Stored items
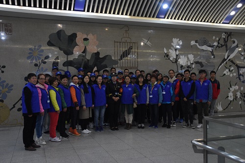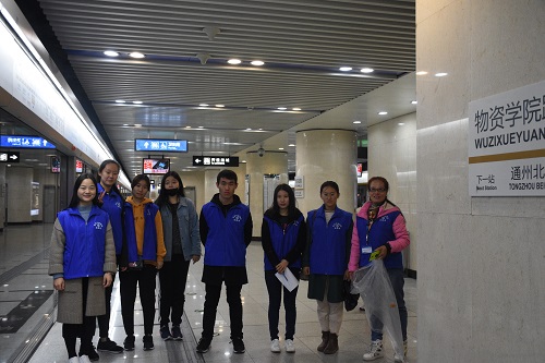 的志愿者们由志愿服务部组织,前往地铁六号线物资学院路站,开展以“平安地铁”为主题的志愿活动,体验地铁工作人员的辛劳日常。
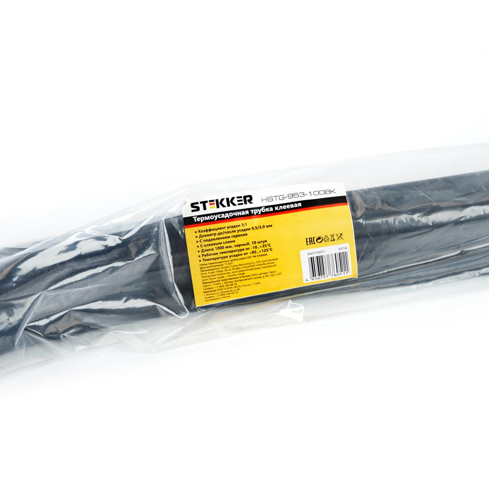 Термоусадочные трубки STEKKER HSTG-953-100BK, длина 1000мм. 10шт. в наборе, цвет: черный. Коэффициент усадки 3:1, диапазон рабочих температур -10..+35°C, температура усадки +85..+125°C, номинальный ток 32А, для проводов сечением мм2.
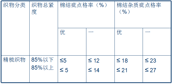 ●外觀質量檢驗包括棉結疵點格率、棉結雜質疵點格率、布麵疵點。
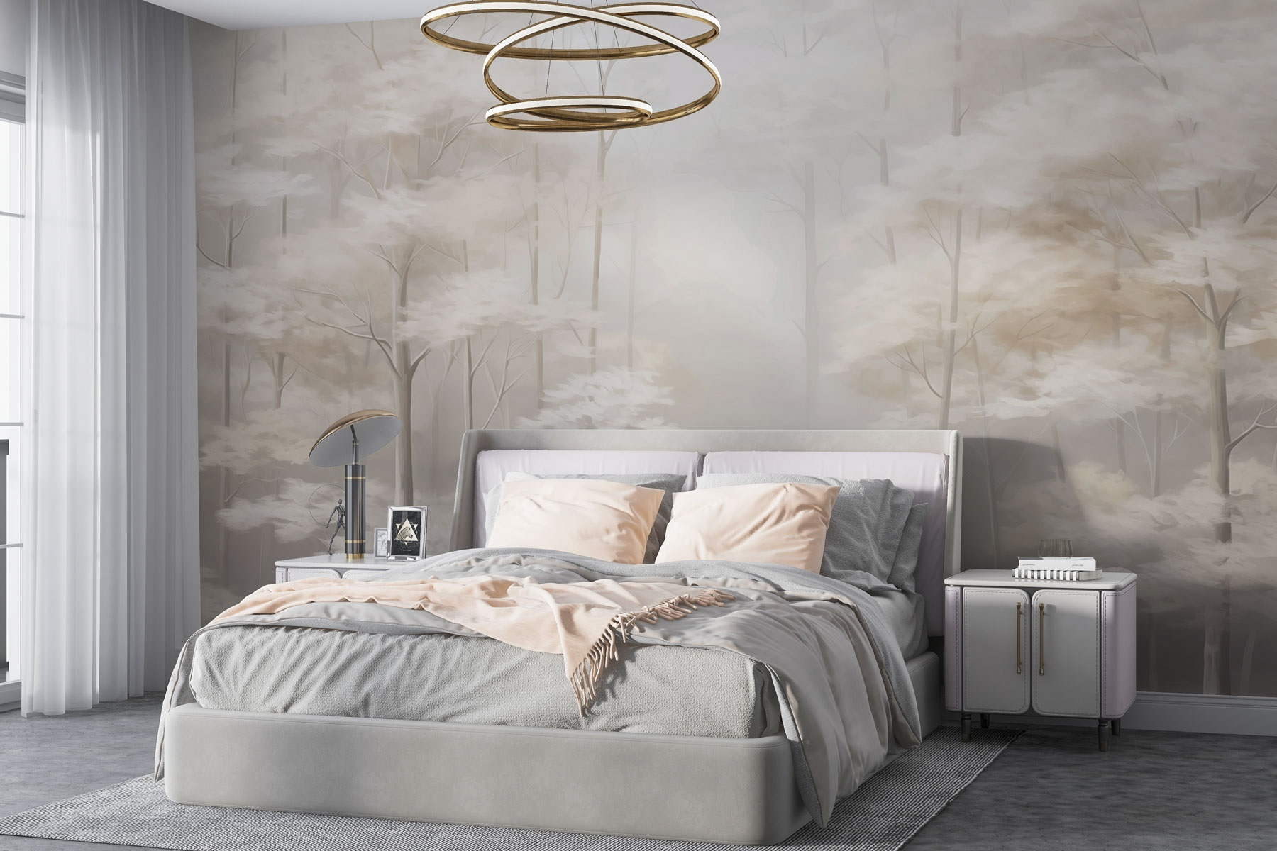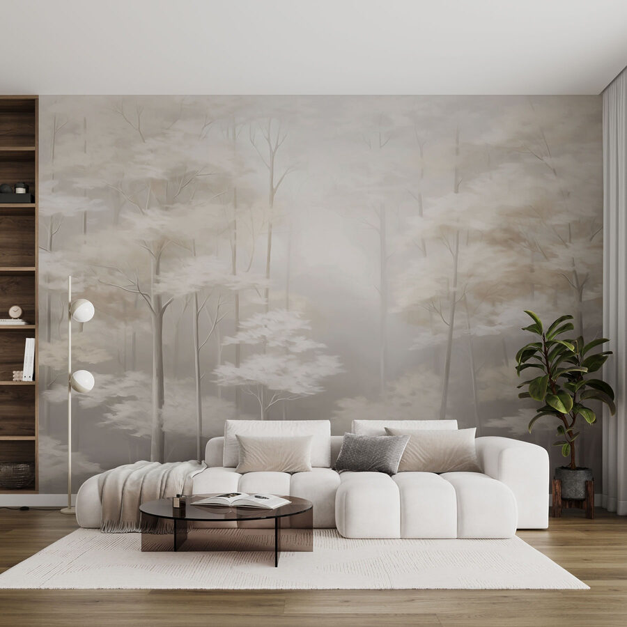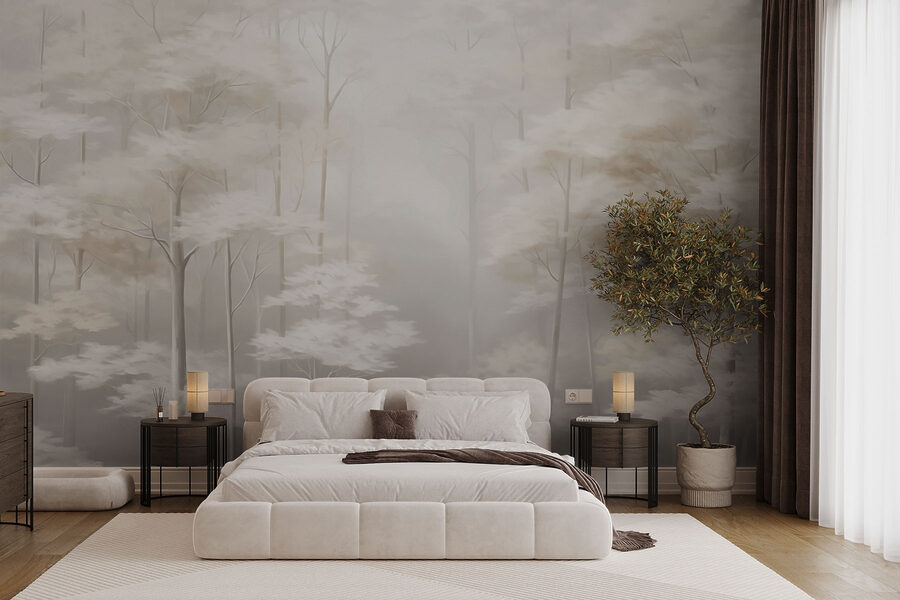 Stellen Sie sich vor, Sie treten in einen verträumten, nebelverhangenen Wald, in dem sanfte Töne und zarte Bäume zum Wandern einladen. Diese Fototapete ist wie ein frischer Wind für Ihren Raum – eine perfekte Mischung aus der Ruhe der Natur und moderner Kunst. Stellen Sie sich gemütliche Abende in einem Raum vor, der durch diese heitere Kulisse verwandelt wird. Es ist nicht nur eine Wandmalerei, es ist eine Stimmung. Ob Sie nun einen Kaffee trinken oder an Ihrem neuesten Projekt arbeiten, diese beruhigende Szene verspricht, den Geist zu beruhigen und Inspiration zu wecken. Außerdem ist es ein toller Gesprächsanlass für alle Ihre Gäste. Wer würde nicht gerne von zu Hause aus über die Schönheit der Natur plaudern?
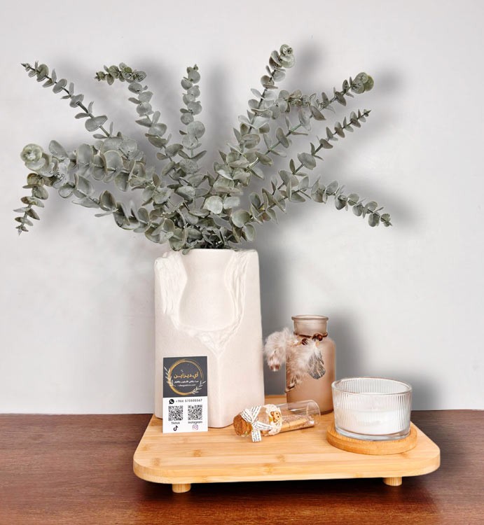 يضفي الفاز الزجاجي بتصميمه البسيط ولمسات الريش البيج تباينًا أنيقًا على الطاولة، ليكمل ديكور طاولة سفرة بشكل مثالي.
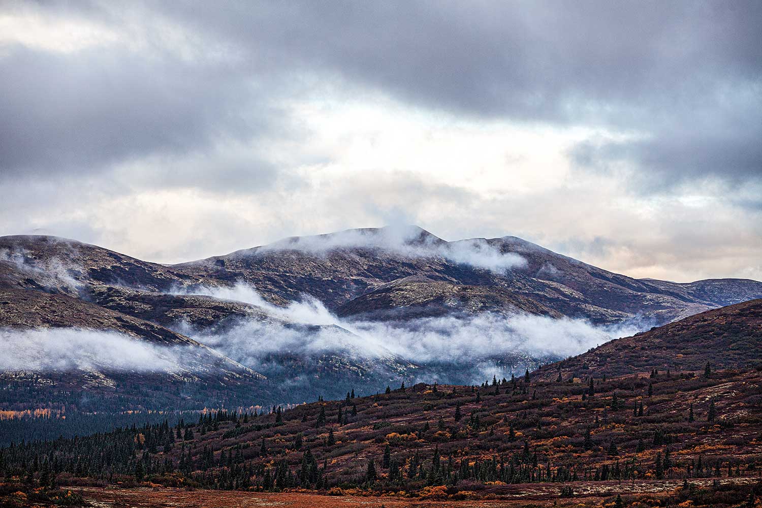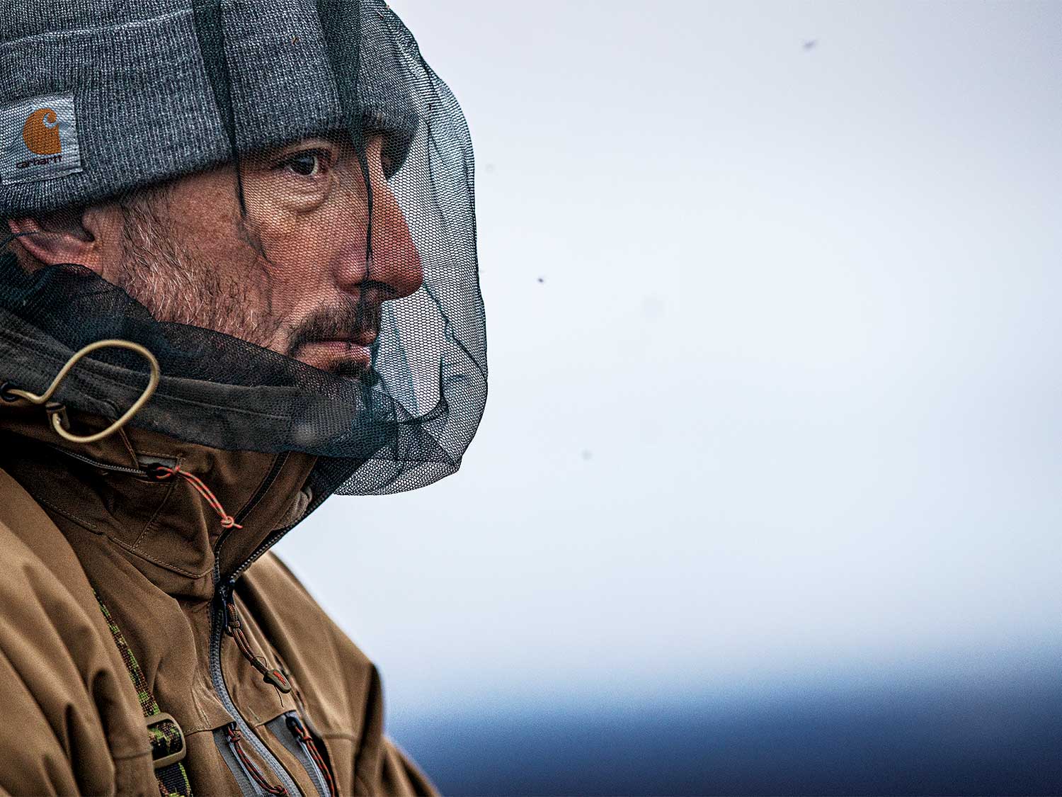 The wind picked up, and fog and rain rolled in, which cut our visibility to a couple hundred yards but provided relief from the swarms of tiny black flies that pounced whenever the breeze died. We had Thermacells to help with the mosquitos, but they didn’t dissuade those psychotic little bloodsuckers. Only our full-face bug nets and a liberal dousing with pure DEET kept them at bay.
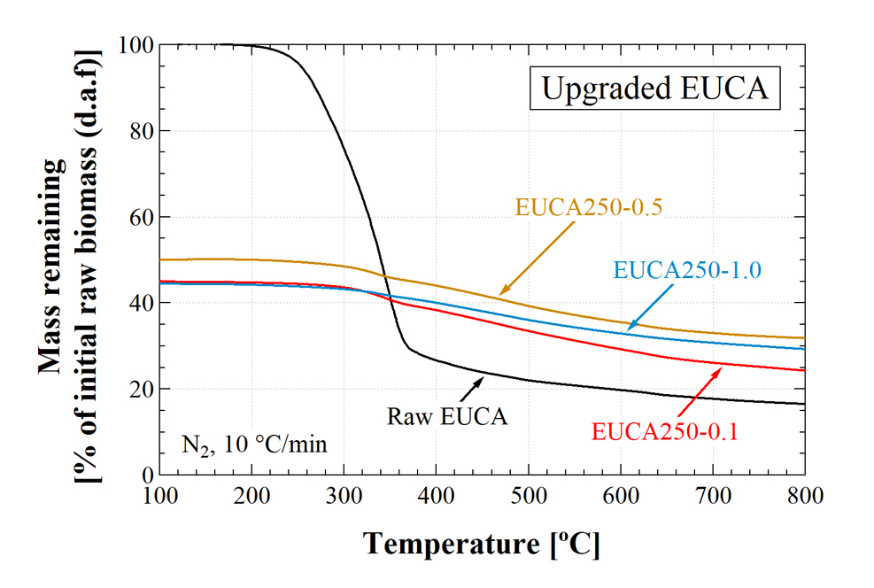 Figure 5 presents the TGA curves of raw and upgraded EUCA subjected to the same pyrolysis conditions. All upgraded EUCA samples exhibited higher char yields than raw EUCA. The maximum char yield (31.8 wt.%) was obtained from the sample pretreated at 0.5 MPa, followed by 29.3 wt.% at 1.0 MPa. The consistently higher char yields observed in EUCA compared to RS under identical pretreatment conditions can be primarily attributed to differences in structural composition, particularly lignin content. EUCA typically contains a higher lignin fraction (32.7 wt%) than rice straw (16.5 wt%), as shown in Table 1. Although lignin begins to decompose at relatively low temperatures (150–175 °C), its degradation proceeds more gradually over a much broader temperature window than cellulose and hemicellulose. Consequently, lignin-rich feedstocks retain more solid residues at elevated temperatures and produce more condensed, aromatic char, which is associated with higher thermal stability [34–36]. This helps explain the higher char yields observed for EUCA (higher lignin) relative to RS.
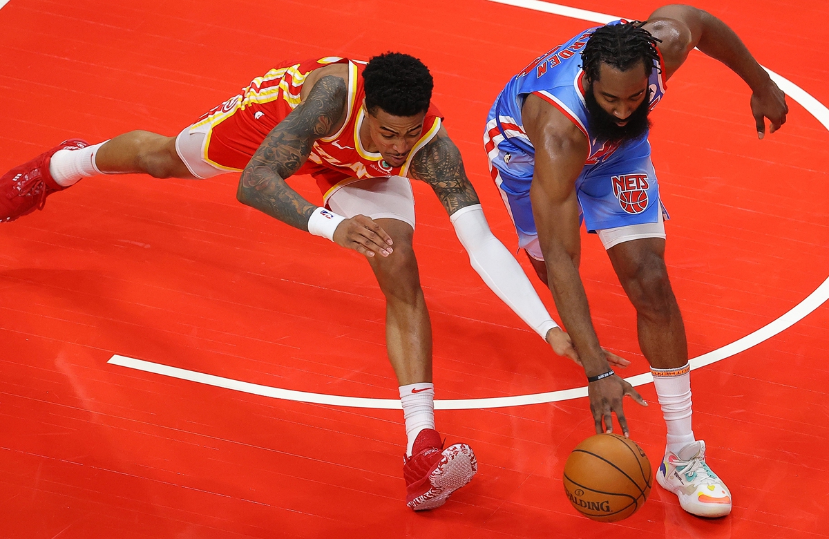 John Collins (left) of the Atlanta Hawks battles for a loose ball against James Harden of the Brooklyn Nets on Wednesday in Atlanta, Georgia. Photo: AFP

Activity
Reproduce only the lines from the line with "Figure 5 presents" to the end of the entries. Keep both ends, copy them exactly, and omit every picture.

Task solution
 Figure 5 presents the TGA curves of raw and upgraded EUCA subjected to the same pyrolysis conditions. All upgraded EUCA samples exhibited higher char yields than raw EUCA. The maximum char yield (31.8 wt.%) was obtained from the sample pretreated at 0.5 MPa, followed by 29.3 wt.% at 1.0 MPa. The consistently higher char yields observed in EUCA compared to RS under identical pretreatment conditions can be primarily attributed to differences in structural composition, particularly lignin content. EUCA typically contains a higher lignin fraction (32.7 wt%) than rice straw (16.5 wt%), as shown in Table 1. Although lignin begins to decompose at relatively low temperatures (150–175 °C), its degradation proceeds more gradually over a much broader temperature window than cellulose and hemicellulose. Consequently, lignin-rich feedstocks retain more solid residues at elevated temperatures and produce more condensed, aromatic char, which is associated with higher thermal stability [34–36]. This helps explain the higher char yields observed for EUCA (higher lignin) relative to RS.
 John Collins (left) of the Atlanta Hawks battles for a loose ball against James Harden of the Brooklyn Nets on Wednesday in Atlanta, Georgia. Photo: AFP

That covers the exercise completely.